WHAT NEEDS TO BE DONE - Would you please copy only the lines from the line that contains "im nächsten Jahr." to the end of the data below, exactly, leaving every picture out?

DATA PROVIDED -
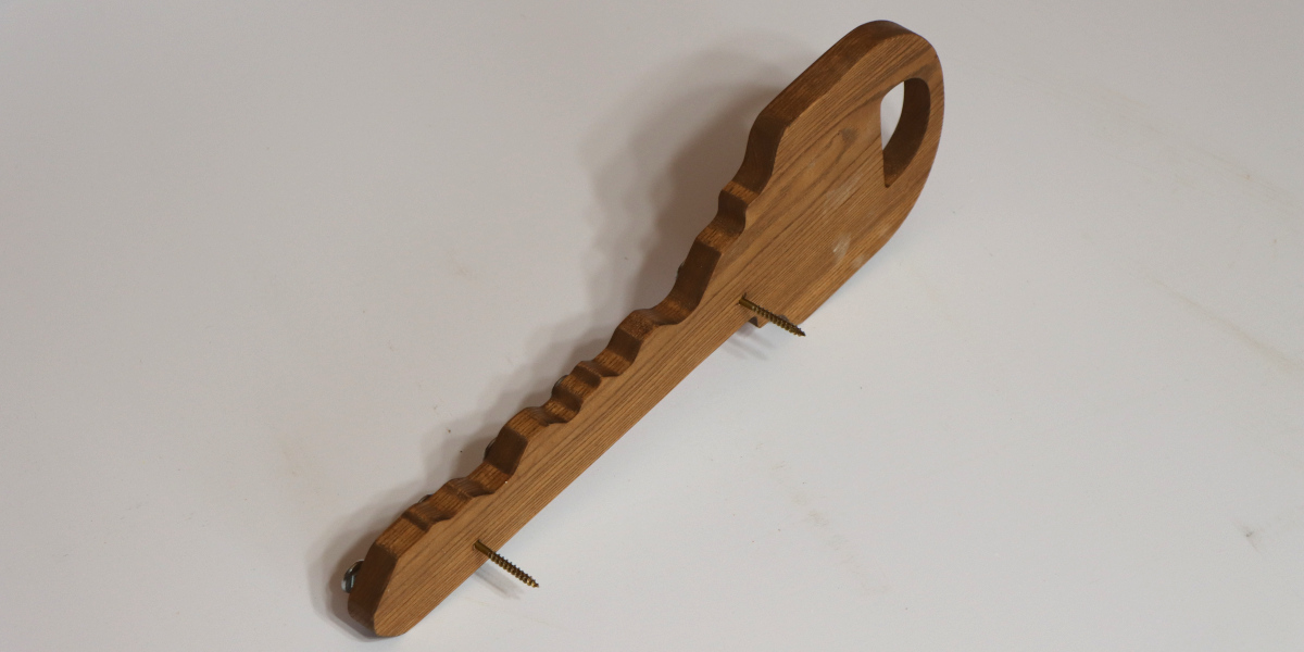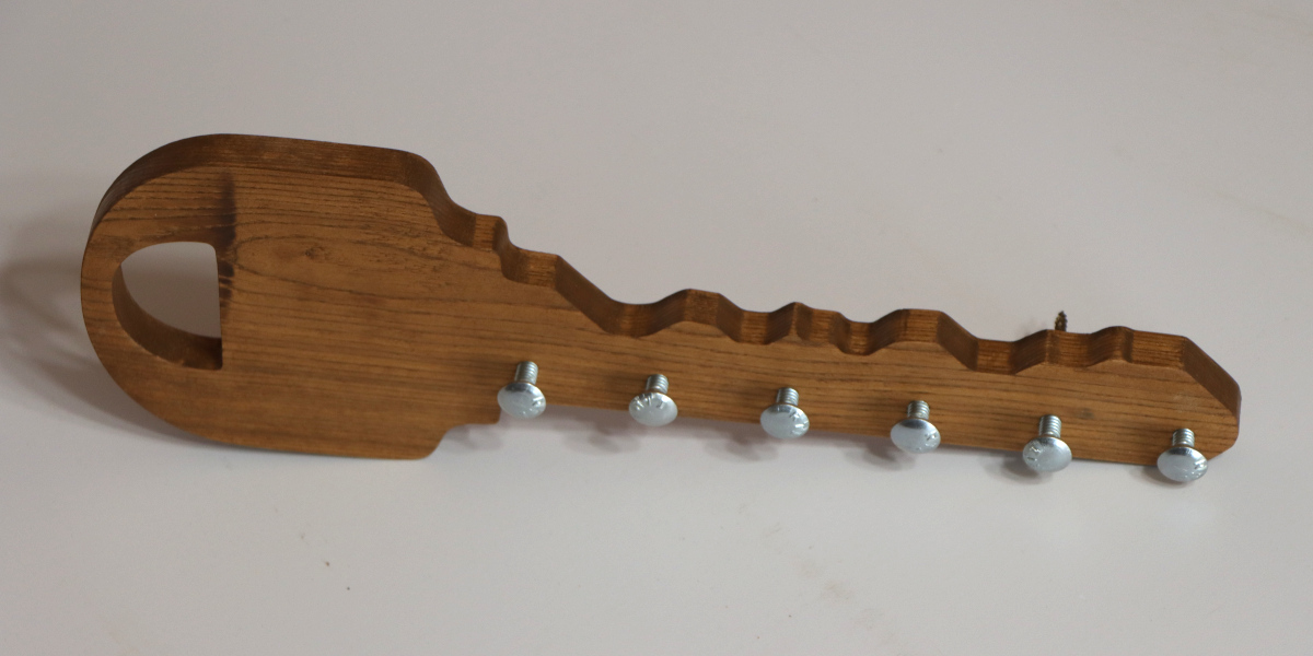 This key holder can hold six sets of keys, and is the middle sized key holder in the key shaped key holder collection. Carved from 1/2" reclaimed oak it will add a touch of elegance to any wall it's mounted on.
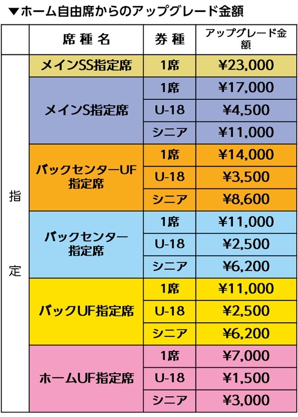 ※Für die Back-UF-Reservierten Plätze und Home-UF-Reservierten Plätze besteht kein Vorrangrecht auf den Kauf desselben Sitzplatzes bei Verlängerung im nächsten Jahr.
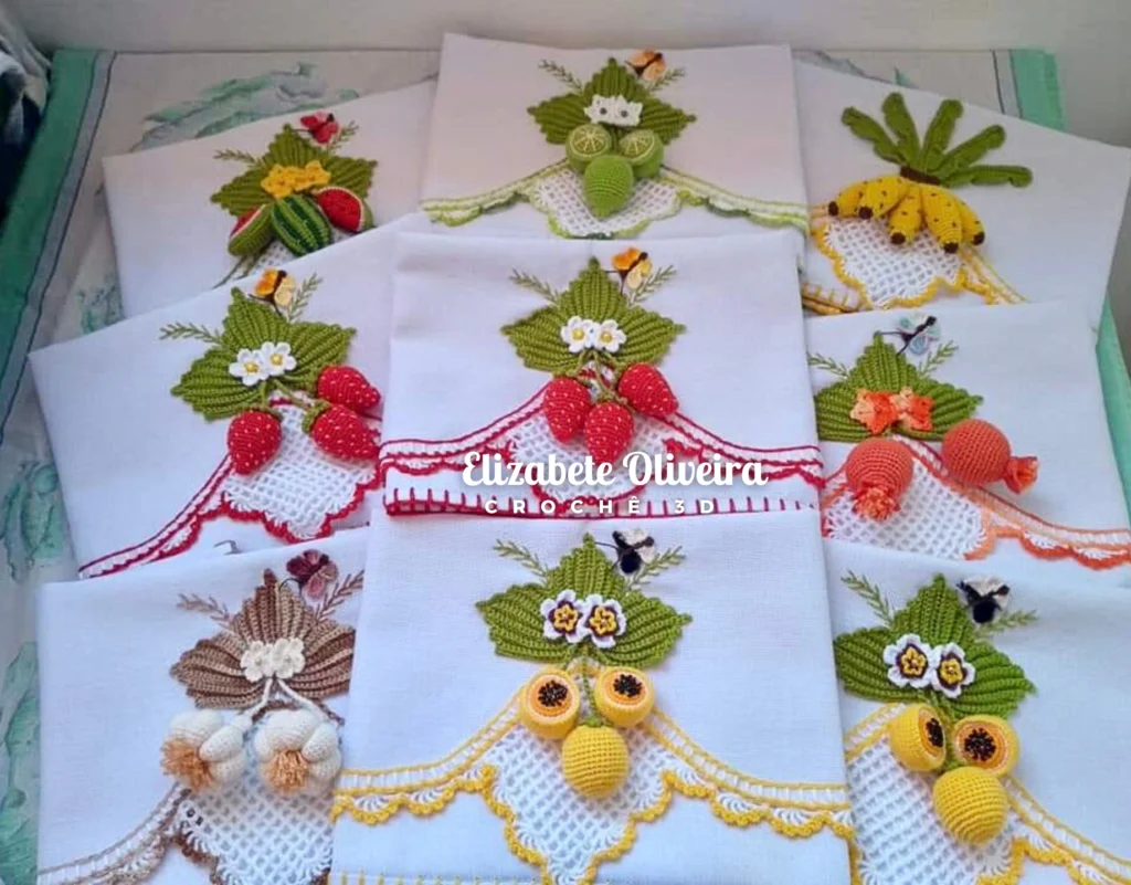 O Crochê 3D vem ganhando espaço entre os artesanatos e enchendo os olhos dos amantes dessa arte. Além visivelmente lindos, são palpáveis, apresentam as formas das frutas ou legumes em miniaturas.

OUTPUT BELOW -
 ※Für die Back-UF-Reservierten Plätze und Home-UF-Reservierten Plätze besteht kein Vorrangrecht auf den Kauf desselben Sitzplatzes bei Verlängerung im nächsten Jahr.
 O Crochê 3D vem ganhando espaço entre os artesanatos e enchendo os olhos dos amantes dessa arte. Além visivelmente lindos, são palpáveis, apresentam as formas das frutas ou legumes em miniaturas.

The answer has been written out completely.